We experienced 2 decode failures out of 541 blocks, which amounts to a failure rate of 0.37% (fewer than one failed block per day). Of those 541 Graphene blocks, only 4 required an additional round-trip to fetch missing transactions (the sizes of these fetched transactions are included in the compression rate calculated below). Compression rate was calculated with the equation $1 - g/f$, where $g$ and $f$ are the sizes (in bytes) of the Graphene and full blocks, respectively. Compression was significantly better for larger blocks. The best compression rate achieved during the test was 0.999, which came from the block having the most transactions (2545). In the table below, we report compression statistics for all blocks and those with more than 1K transactions.

block txs number of blocks mean compression median compression
$\geq 0$ 539 0.953 0.989
> 1K 17 0.998 0.998

The following boxplot gives a better idea of how compression rates scale with the number of transactions in a block.

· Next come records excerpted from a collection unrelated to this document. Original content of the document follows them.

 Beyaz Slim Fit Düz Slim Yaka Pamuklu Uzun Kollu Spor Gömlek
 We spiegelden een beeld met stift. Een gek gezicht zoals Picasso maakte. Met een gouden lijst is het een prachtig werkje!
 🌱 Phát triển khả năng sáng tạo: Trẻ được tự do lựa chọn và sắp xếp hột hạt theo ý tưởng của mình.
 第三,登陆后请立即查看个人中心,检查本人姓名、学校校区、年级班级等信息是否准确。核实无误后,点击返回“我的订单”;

The raw data for the plot can be found here. Blocks are grouped according to transaction count, and each group (marked along the x-axis) represents a multiple of 50 transactions, e.g. every block in the group marked "150" has between 150 and 200 transactions. Each box in the plot depicts the inter-quartile range of compression rates during our test for that particular group of blocks. As can be seen from the plot, nearly all blocks with more than 250 transactions had a compression rate exceeding 0.99. There are two technical things to note about the plot. First, because it is the only block in the group marked "2500", the largest block is not obvious in the plot --- it is rendered as a single dashed line very close to 1.0. Second, in order to more clearly see compression for larger blocks, the y-limit on this plot is truncated at 0.95. But it is important to point out that there are numerous small blocks with compression rate below the mean.